Though the above approach is valid, since all data is on S3, you may run into S3 eventual consistency issue if you try to delete a piece of data and immediately try to recreate it in the same location. You can read more about the consistency issues in this blog.

Best Practice to Overwrite Tables

The best approach to avoid this is to overwrite the table.

DataFrame API (Scala):

dataframe.write.mode(SaveMode.Overwrite).saveAsTable('example_data')    // Managed Overwrite

dataframe.write.mode(SaveMode.Overwrite).option('path', 'YOUR_S3_PATH').saveAsTable('example_data')  // UnManaged Overwrite

In SQL you use the insert overwrite keyword to perform this. This applies to managed or unmanaged tables.

For example for an unmanaged table:

create table example_table(id string, value string) using org.apache.spark.sql.parquet options (path 'YOUR_S3_PATH')

insert overwrite table example_table select ...

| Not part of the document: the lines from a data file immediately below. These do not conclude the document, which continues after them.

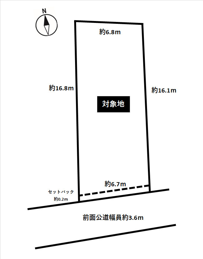 | 接道状況 | 一方 (南側 公道3.6m 間口6.7m) | ||
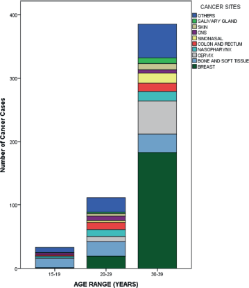 Results: There were 529 new cancer cases among AYAs, accounting for 14.1% of all cancer cases seen during the period. The male-to-female ratio was 1:3. The majority (72.8%) were in the 30–39 age range, with a mean age of 32.06 ± 6.18 years. Females had a higher mean age (33.01 ± 5.31 years) than males (29.43 ± 7.57 years) (p < 0.001). Breast (39.1%), bone and soft tissue (12.9%) and cervix (11.6%) were the most common sites of cancer in AYAs. Among the males, bone and soft tissue (20.0%), nasopharynx (13.6%) and sinonasal (10.7%) were the most common sites, while breast (52.2%), cervix (15.4%) and bone and soft tissue (10.0%) were the most common sites among females.
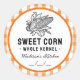 Editable homemade sweet corn sticker canning label. Make your own canning labels for your favourite homemade recipes. Perfect for preserves, homemade gifts or as kitchen pantry organiser.
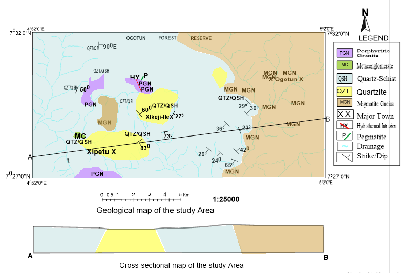 The geological map and cross section of the study area is presented in Figure 5. The map shows the dispositions of the rocks with well delineated boundaries. The cross-section confirmed folding in the study area which affected the quartzites and quartz-schists. The type of fold recognized is an antiform. Fifteen rock samples were collected from various locations within the study area Table 1.
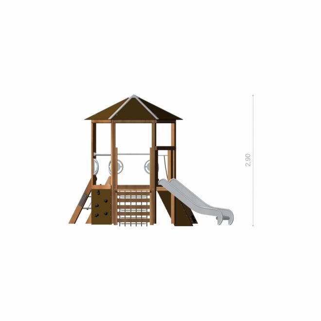 Six Angle w/ stairs & slide wooden playhouse Uvala - Front view
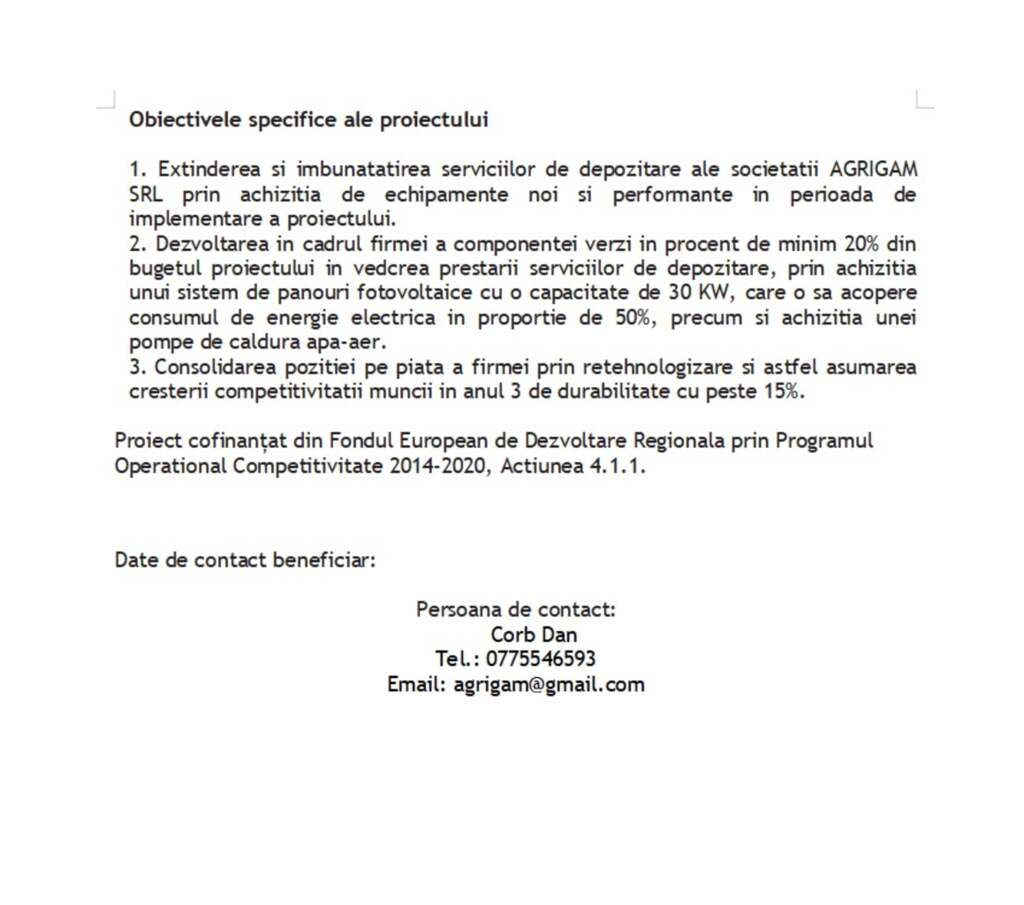 1. Extinderea si imbunatatirea serviciilor de depozitare ale societatii AGRIGAM SRL prin achizitia de echipamente noi si performante in perioada de implementa-re a proiectului.
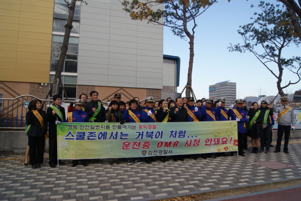 | 김천경찰서(서장 이창록)에서는, 11월 15일 오전, 김천 율곡초등학교 정문에서 경찰과 유관기관인 김천시청, 김천교육지원청을 비롯하여 모범운전자회, 녹색 어머니회, 율곡초등학교 교사 등 60여명이 참석한 가운데 어린이 교통안전을 위한 합동 캠페인을 실시하였다.

Hive Partitions vs Spark SQL Partitions

Spark SQL is able to dynamically generate partitions at the file storage level to provide partition columns for tables. The following allows you to partition data that you write out.

dataframe.write.partitionBy('colName').saveAsTable('example_table')

Spark SQL does not register the partitions in the Hive metastore. Therefore, show partitions example_table will show up empty. To register the partitions, you can run the following API to generate the partitions: MSCK REPAIR TABLE 'example_table'

Partition Pruning

Hive-style partitions are useful when the table is scanned and there are pushed-down filter predicates involving the partitionBy keys. In that case, Spark will avoid reading all data that wouldn’t satisfy those predicates.

For example, suppose you have a table that is partitioned by date. A query such as SELECT max(id) FROM table WHERE date = '2010-10-10' will only read data files that are known to contain only tuples whose date value is the one specified in the query.